DATA FOR THIS EXERCISE:
----------------------------------------

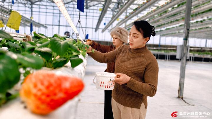 “冬天能见到这么多在空中生长的新鲜果蔬,太神奇了!”昌吉市游客王女士一边采摘一边拍照。她坦言春节前带着孩子前来采摘草莓,既能亲近自然又能收获鲜品,体验感十足。
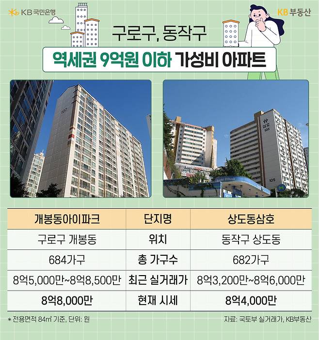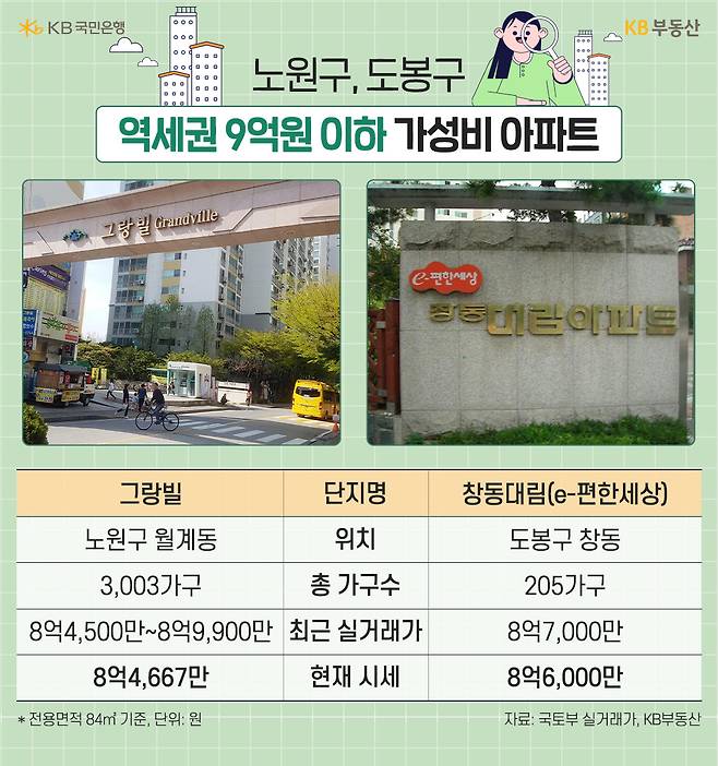 전국 아파트 매매가격지수가 두 달 연속 하락했습니다. 서울도 상승폭이 줄고 외곽지역인 노도강, 성북구와 중랑구는 하락하는 등 강보합세를 보이고 있는데요. 이런 분위기가 오히려 내 집 마련의 기회가 될 수 있을지 궁금해 하는 분이 많을 것이라 생각됩니다. 그래서 KB부동산이 올 1월부터 3월 현재까지 서울 역세권에 위치한 전용면적 84㎡, 8억~9억원 사이에 거래된 실거래 사례를 모아봤습니다.
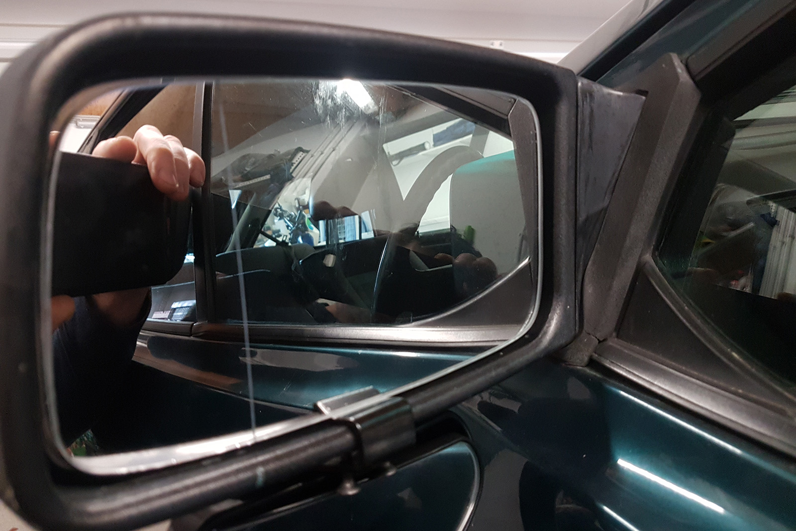 Also ich würde die Spiegel abbauen und auf eine Werkbank legen. Die neuen Gläser anhalten und Holzstücken suchen, die das Ganze in Form halten, sprich Abstandhalter zum Rand hin.
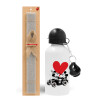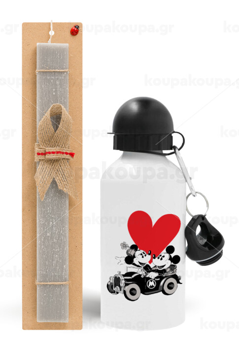 Mickey & Minnie love car, Πασχαλινή Λαμπάδα με παγούρι μεταλλικό αλουμινίου (500ml) & κερί αρωματικό πλακέ (30cm) (ΓΚΡΙ)
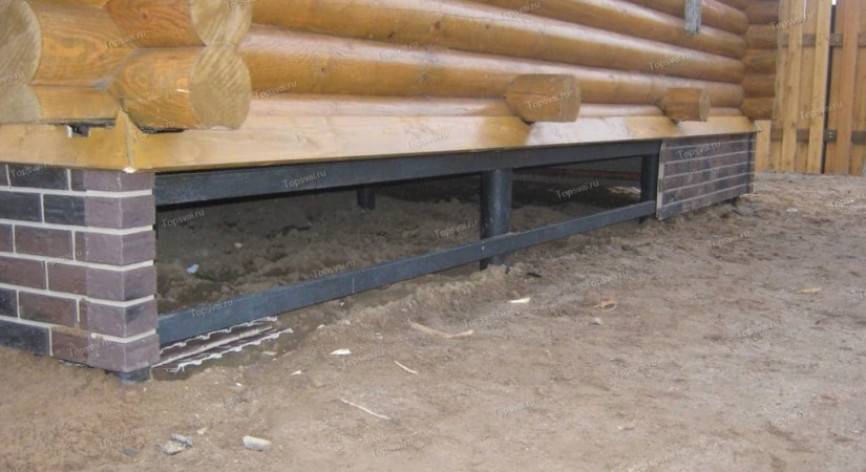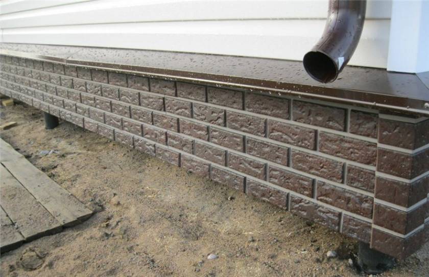 При 1-ом варианте вырывают траншею по периметру фундамента. Углубление армируют и заливают бетоном. Поверх застывшего основания кладут кирпич, прикрывают его изоляцией. Минифундамент заслоняют декоративными панелями.

----------------------------------------

EXERCISE AIM: A word-for-word copy of the listing is the goal; keep every picture out of it.

TASK RESULT:
 “冬天能见到这么多在空中生长的新鲜果蔬,太神奇了!”昌吉市游客王女士一边采摘一边拍照。她坦言春节前带着孩子前来采摘草莓,既能亲近自然又能收获鲜品,体验感十足。
 전국 아파트 매매가격지수가 두 달 연속 하락했습니다. 서울도 상승폭이 줄고 외곽지역인 노도강, 성북구와 중랑구는 하락하는 등 강보합세를 보이고 있는데요. 이런 분위기가 오히려 내 집 마련의 기회가 될 수 있을지 궁금해 하는 분이 많을 것이라 생각됩니다. 그래서 KB부동산이 올 1월부터 3월 현재까지 서울 역세권에 위치한 전용면적 84㎡, 8억~9억원 사이에 거래된 실거래 사례를 모아봤습니다.
 Also ich würde die Spiegel abbauen und auf eine Werkbank legen. Die neuen Gläser anhalten und Holzstücken suchen, die das Ganze in Form halten, sprich Abstandhalter zum Rand hin.
 Mickey & Minnie love car, Πασχαλινή Λαμπάδα με παγούρι μεταλλικό αλουμινίου (500ml) & κερί αρωματικό πλακέ (30cm) (ΓΚΡΙ)
 При 1-ом варианте вырывают траншею по периметру фундамента. Углубление армируют и заливают бетоном. Поверх застывшего основания кладут кирпич, прикрывают его изоляцией. Минифундамент заслоняют декоративными панелями.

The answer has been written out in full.